_Directions for this task_: Everything in the data below except the pictures must be repeated word for word.

_Source data_:
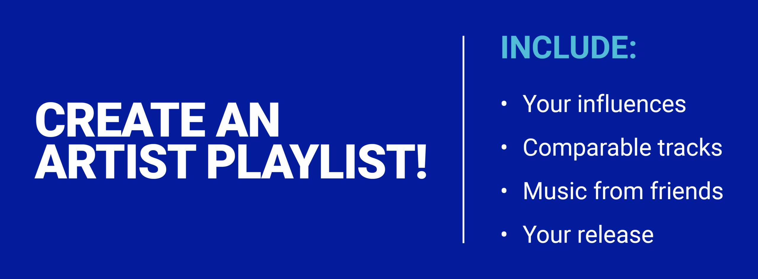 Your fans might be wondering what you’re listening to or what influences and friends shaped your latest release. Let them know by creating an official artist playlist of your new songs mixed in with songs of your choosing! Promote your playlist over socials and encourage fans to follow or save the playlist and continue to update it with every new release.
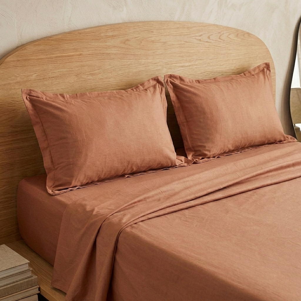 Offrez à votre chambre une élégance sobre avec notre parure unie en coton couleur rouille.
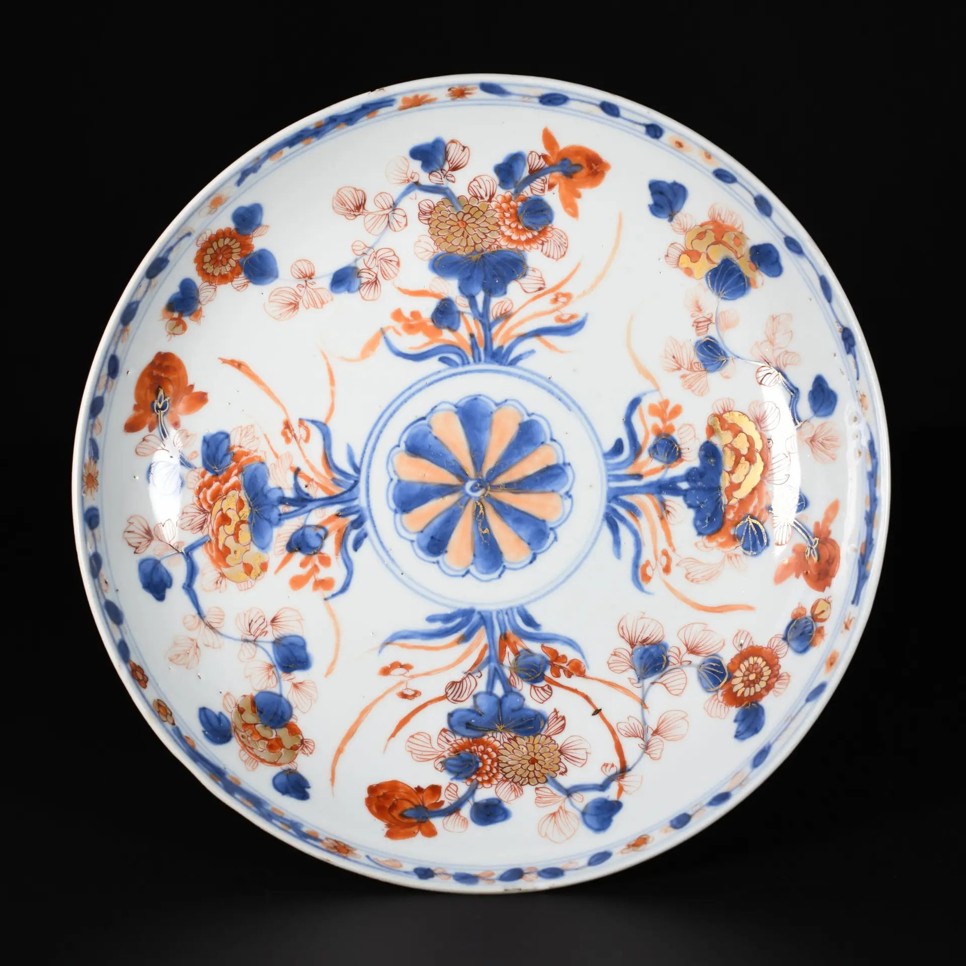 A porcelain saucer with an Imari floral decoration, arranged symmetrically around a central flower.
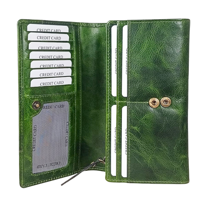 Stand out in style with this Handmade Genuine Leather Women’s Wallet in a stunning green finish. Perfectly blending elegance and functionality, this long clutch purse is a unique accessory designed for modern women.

_Written response_:
 Your fans might be wondering what you’re listening to or what influences and friends shaped your latest release. Let them know by creating an official artist playlist of your new songs mixed in with songs of your choosing! Promote your playlist over socials and encourage fans to follow or save the playlist and continue to update it with every new release.
 Offrez à votre chambre une élégance sobre avec notre parure unie en coton couleur rouille.
 A porcelain saucer with an Imari floral decoration, arranged symmetrically around a central flower.
 Stand out in style with this Handmade Genuine Leather Women’s Wallet in a stunning green finish. Perfectly blending elegance and functionality, this long clutch purse is a unique accessory designed for modern women.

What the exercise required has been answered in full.